Fangqin Wan, a graduate student at the University of Illinois, walks for Yingying Zhang, a Chinese scholar who went missing three weeks ago, Thursday, June 29, 2017, in Urbana, Ill. (Photo: AP)

CHICAGO (AP) — A website that hosted an "Abduction 101" forum linked to a 28-year-old suspect in the kidnapping of a Chinese scholar in at the University Illinois bills itself as the most popular sexual fetish site on the internet and has faced pressure over recent months to be clearer about not tolerating behavior that could be viewed as criminal.

Brendt Allen Christensen, who earned a master's degree in physics from U of I, is charged in the June 9 abduction of 26-year-old Yingying Zhang, who investigators believe is dead. The federal complaint says Christensen's phone was used on April 19 to visit the FetLife.com forum, including to view threads entitled "Perfect abduction fantasy" and "planning a kidnapping."

Christensen remains in custody and is due to make an initial appearance in a U.S. District Court on Monday. The Champaign, Illinois, man was arrested and charged on Friday after agents heard him on an audio recording telling someone he had kidnapped Zhang and held her against her will.

FetLife describes itself as "the Social Network for the BDSM, Fetish & Kinky Community," stressing in online policy statements that it is a place for consenting adults to trade advice and images of themselves, and to arrange to meet. Established in 2008 by Canadian software developer John Baku, it now claims more than 5 million registered members.

The website early this year prohibited hundreds of fetishes after FetLife was cited in a few criminal cases, including one in Australia, Baku said in a February note to members.
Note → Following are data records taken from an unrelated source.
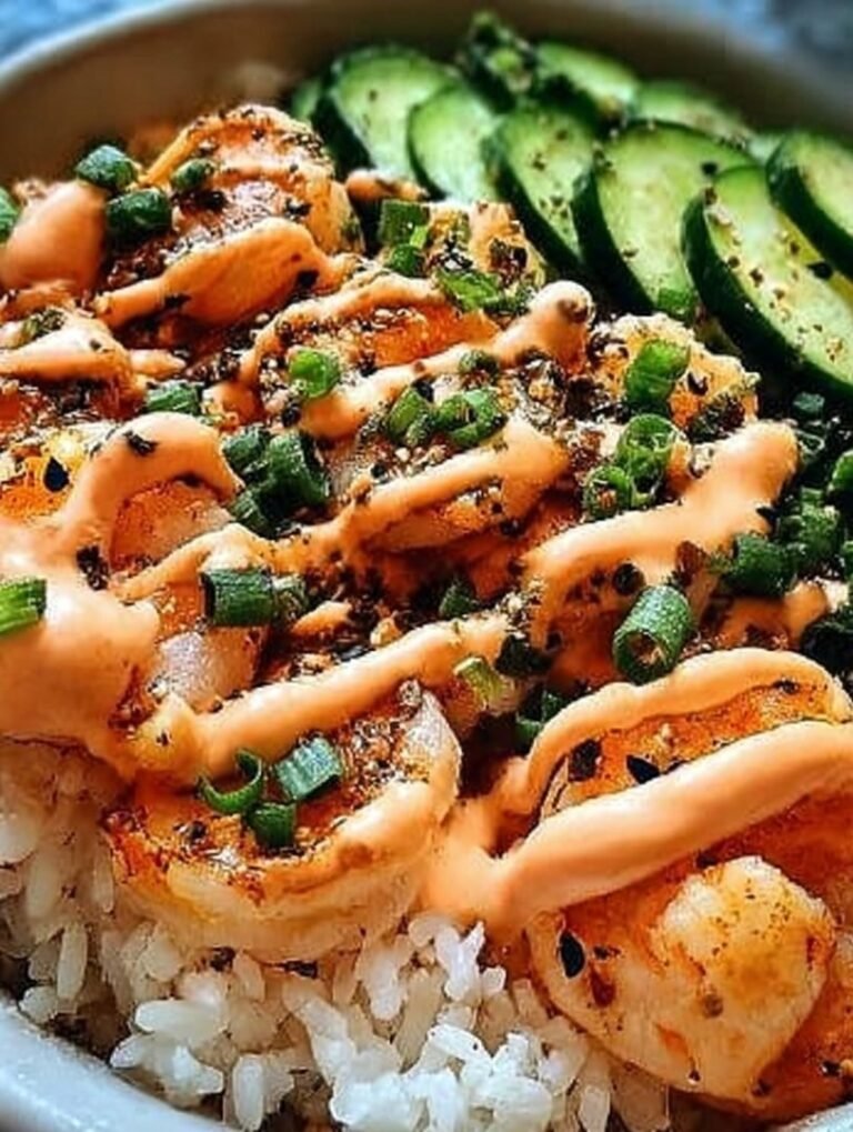 Divide the cooked rice evenly among bowls. Top with the cooked shrimp, sliced avocado, diced cucumber, and sliced green onions. Drizzle generously with the spicy mayo.
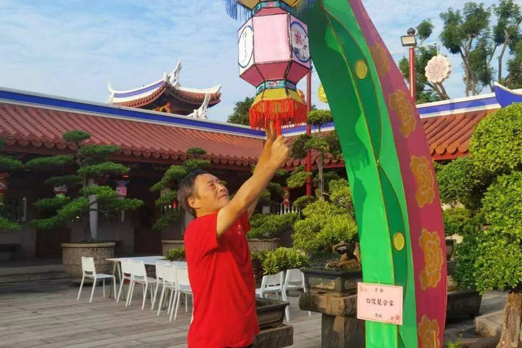 在工匠的巧手下,王靖翔的构思由平面画作,变成立体的花灯。站在这个长2.6米、宽1.3米的变色龙前,王靖翔不禁感慨:“这太震撼了,对我来说像梦想成真一样。”
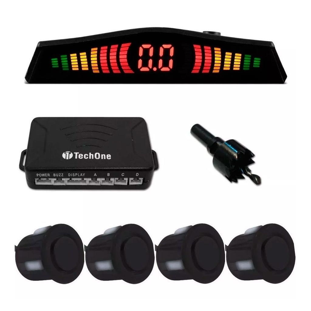 Sensor Estacionamento 4 Pontos Preto Fosco Display Led Sinal Sonoro
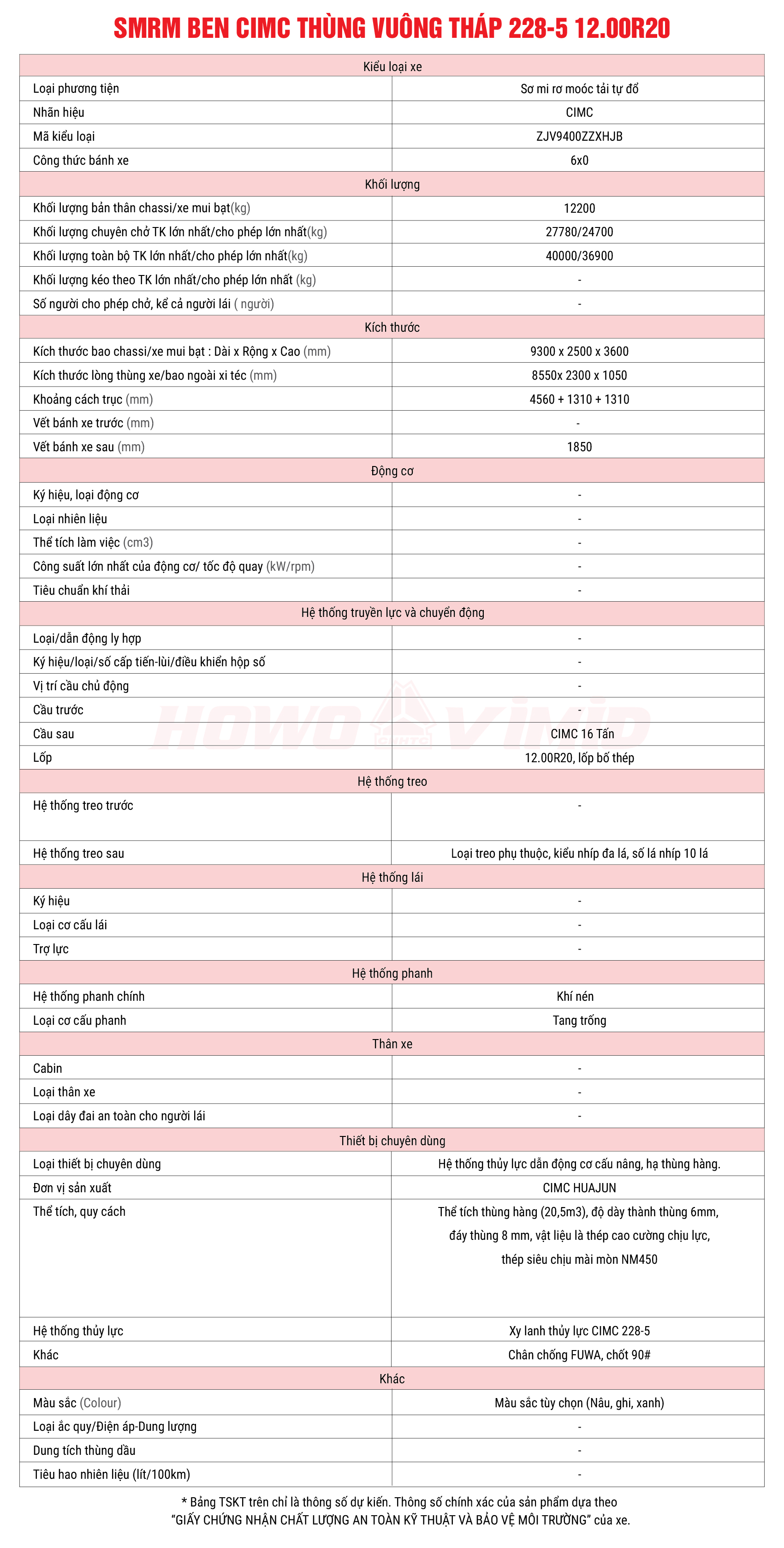 SMRM ben CIMC thùng vuông tháp 228-5 12.00R20 đây là một trong những sản phẩm mới được VIMID và SUNHUNK nghiên cứu thiết kế và phát triển với những cải tiến vượt trội phục vụ đa dạng nhu cầu vận chuyển như vận chuyển hàng hóa, chạy mỏ, quặng, chạy trong công trình trên nhiều điều kiện địa hình khác nhau.

He said that, among other things, he wanted to reduce any legal liability and risks to the wider community.

As of Sunday, however, the site still included multiple forums on abduction fantasies and the group, "Abduction Play," had more than 78,000 members who had expressed interest in the topic. Among the current threads was one called, "Tools of the Kidnapper" and another titled, "Original kidnapping Play."

Ronggao Zhang, center, father of missing Yingying Zhang, listens as he joins, from left, Yingying's best friend, Yige Yang, aunt Liqin Ye and boyfriend, Xiaolin Hou, far right, for an interview at The News-Gazette in Champaign, Ill.
Ronggao Zhang, center, father of missing Yingying Zhang, listens as he joins, from left, Yingying's best friend, Yige Yang, aunt Liqin Ye and boyfriend, Xiaolin Hou, far right, for an interview at The News-Gazette in Champaign, Ill.

One registered member who commented in the kidnapping forum agreed that anyone who engages in such a fantasy must first provide consent. But the person goes on: "I enjoy the knowledge that I COULD do anything I wanted to them. I'm well aware that once I render them helpless, their very life is in my hands."

Anyone can register on the site and become a member immediately. Users give their ages, genders and roles they wish to play, but otherwise remain anonymous.

Detailed policy guidelines on the site stress that any interaction online or in person with members must be between adults and consensual.

"FetLife's community is ... open-minded and non-judgmental," it says, adding, "Our number one priority is to create a fun and safe place for kinksters."

Neither FetLife nor Baku responded to messages seeking comment.